Appellante heeft het hoger beroep ingetrokken omdat het Uwv met de gewijzigde beslissing op bezwaar van 4 april 2024 volledig aan haar bezwaren is tegemoetgekomen. Aangezien het Uwv reeds heeft besloten tot vergoeding van de gemaakte kosten in de bezwaarfase en de rechtbank al een kostenveroordeling in eerste aanleg heeft uitgesproken, moet de Raad nog slechts oordelen over de in hoger beroep gemaakte kosten.
Het Uwv wordt veroordeeld in de kosten die appellante in verband met de behandeling van het hoger beroep redelijkerwijs heeft moeten maken. De proceskosten worden ingevolge het Besluit proceskosten bestuursrecht begroot op € 875,- in hoger beroep (1 punt voor het indienen van het hoger beroepschrift, met een waarde per punt van € 875,-).

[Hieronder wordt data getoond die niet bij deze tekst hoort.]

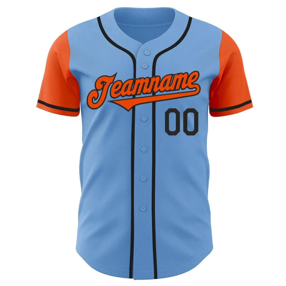 Custom Light Blue Orange-Black Authentic Two Tone Baseball Jersey
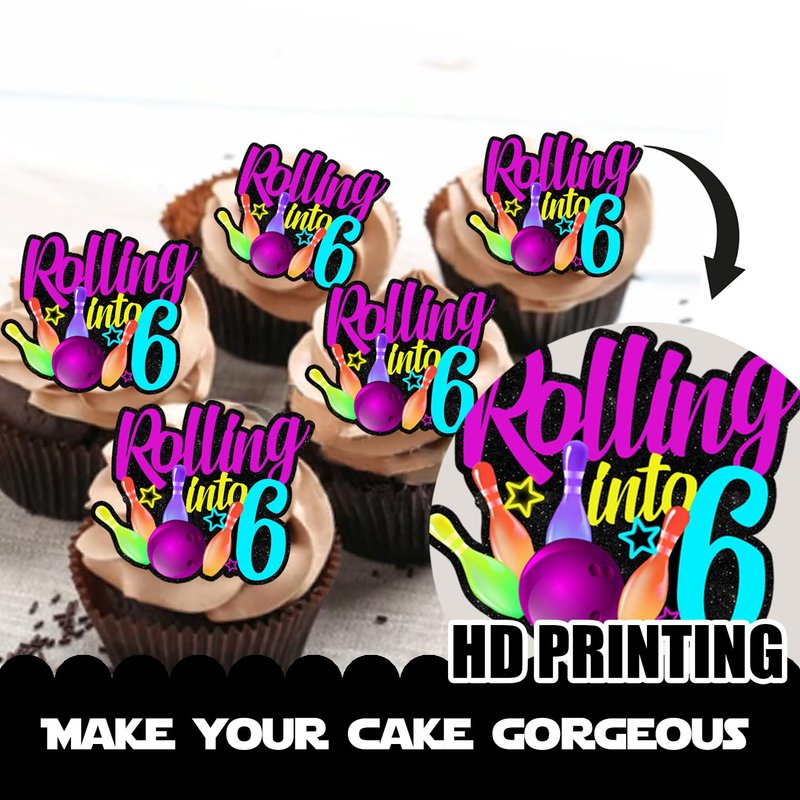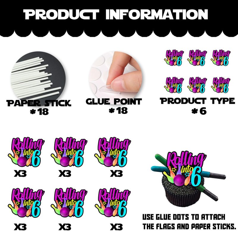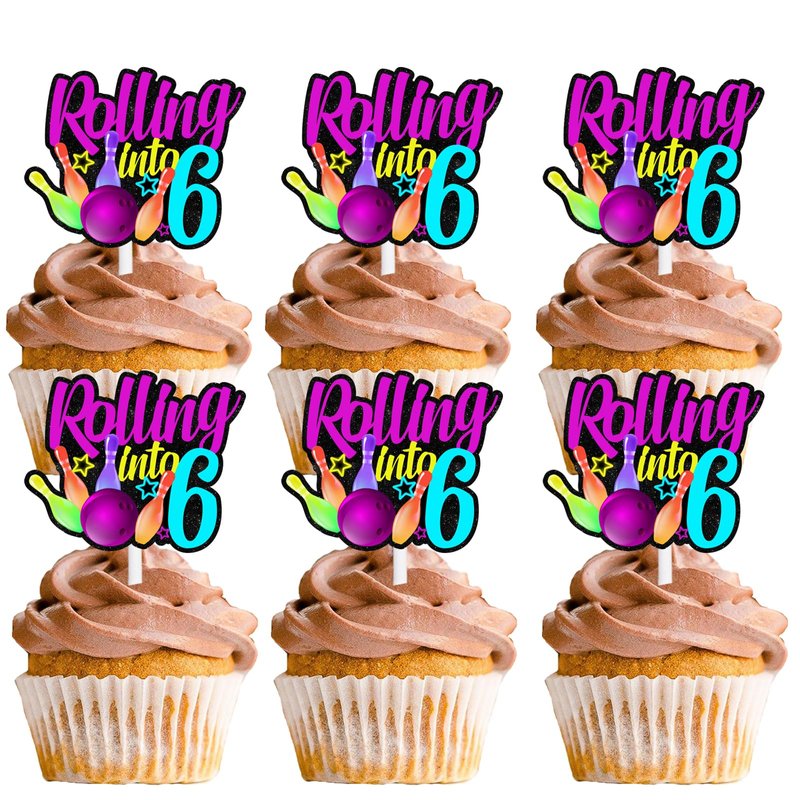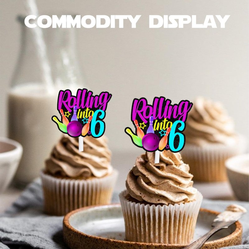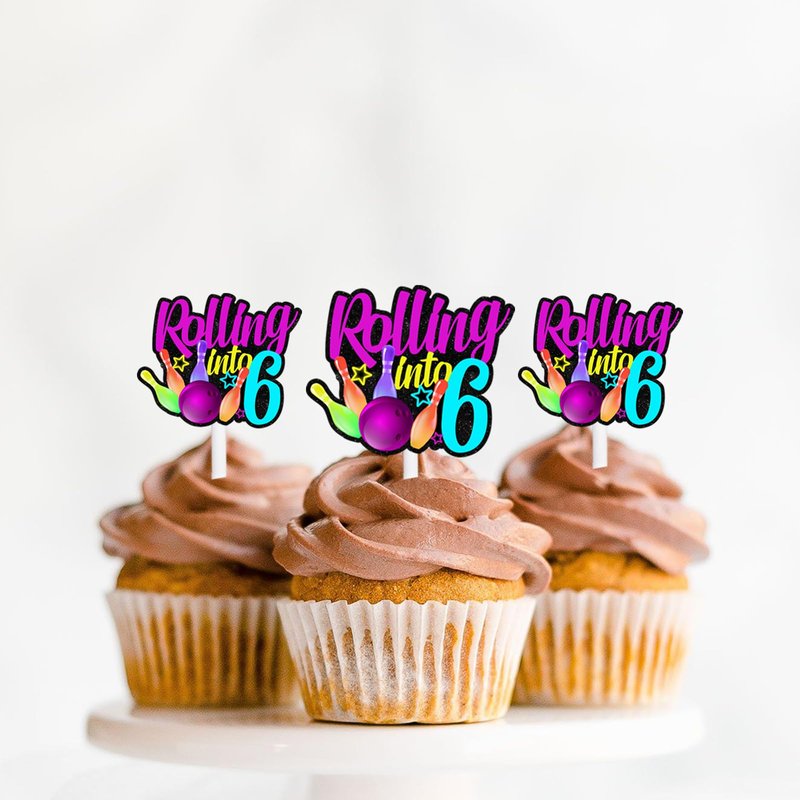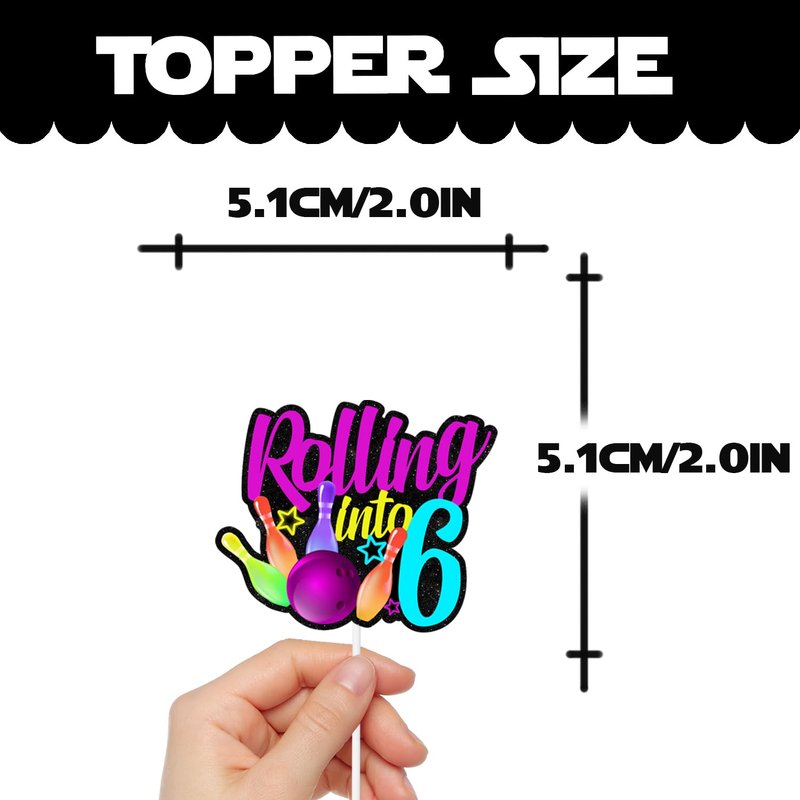 18pcs Glitter Bowling Ball Dessert Cupcake Topper Bowling Rolling into 6 Theme Decor Supplies Boys Girls Happy 6th Birthday Party Decorations
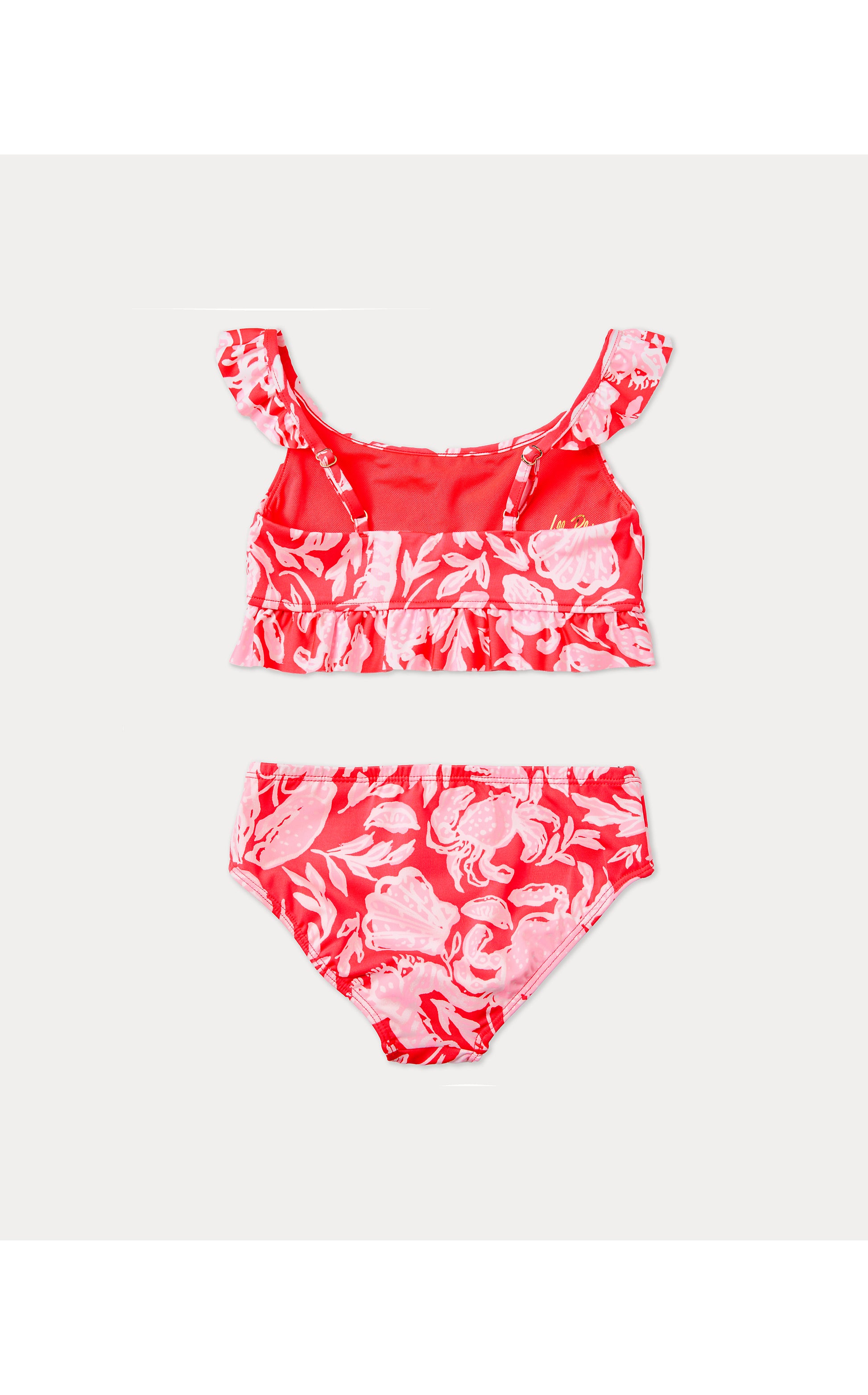 - UPF 50+ peplum tankini top with ruffled adjustable straps, lining, and matching bikini bottoms.
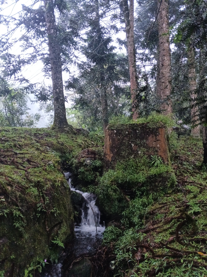 A verdant scene unfolds in a forest setting. A small waterfall cascades over moss-covered rocks into a stream. Lush greenery, including ferns and other plants, abounds on the ground and grows over an old, weathered concrete structure. Tall trees, with moss clinging to their trunks, reach upwards towards a cloudy sky, creating an atmosphere of tranquility and natural beauty.
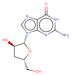 SMILESNc1nc2c(ncn2[C@@H]2O[C@H](CO)C[C@H]2O)c(=O)[nH]1
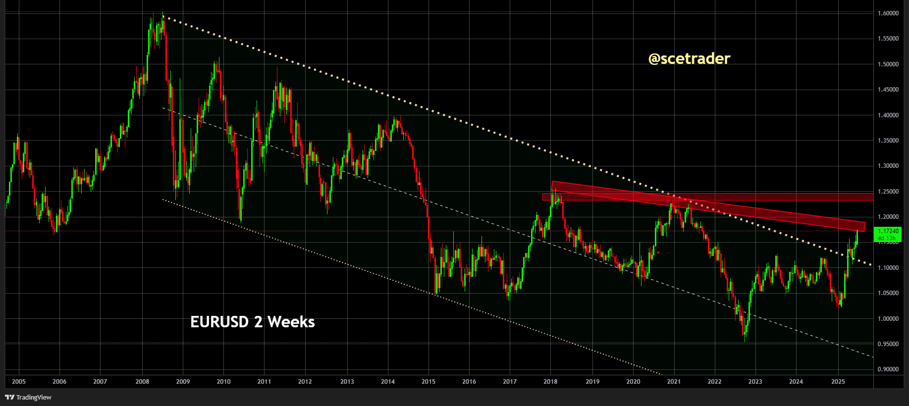 - De zone 1,20–1,25 is al sinds 2018 een sterke weerstand; zonder nieuwe steun kan de euro daar opnieuw op afketsen.

Ook moet het Uwv het door appellante in hoger beroep betaalde griffierecht vergoeden.

BESLISSING

De Centrale Raad van Beroep
- veroordeelt het Uwv in de proceskosten van appellante tot een bedrag van € 875,-;
- bepaalt dat het Uwv het door appellante in hoger beroep betaalde griffierecht van € 138,- vergoedt.
Deze uitspraak is gedaan door S.B. Smit-Colenbrander, in tegenwoordigheid van M.D.F. de Moor als griffier. De beslissing is uitgesproken in het openbaar op 2 oktober 2024.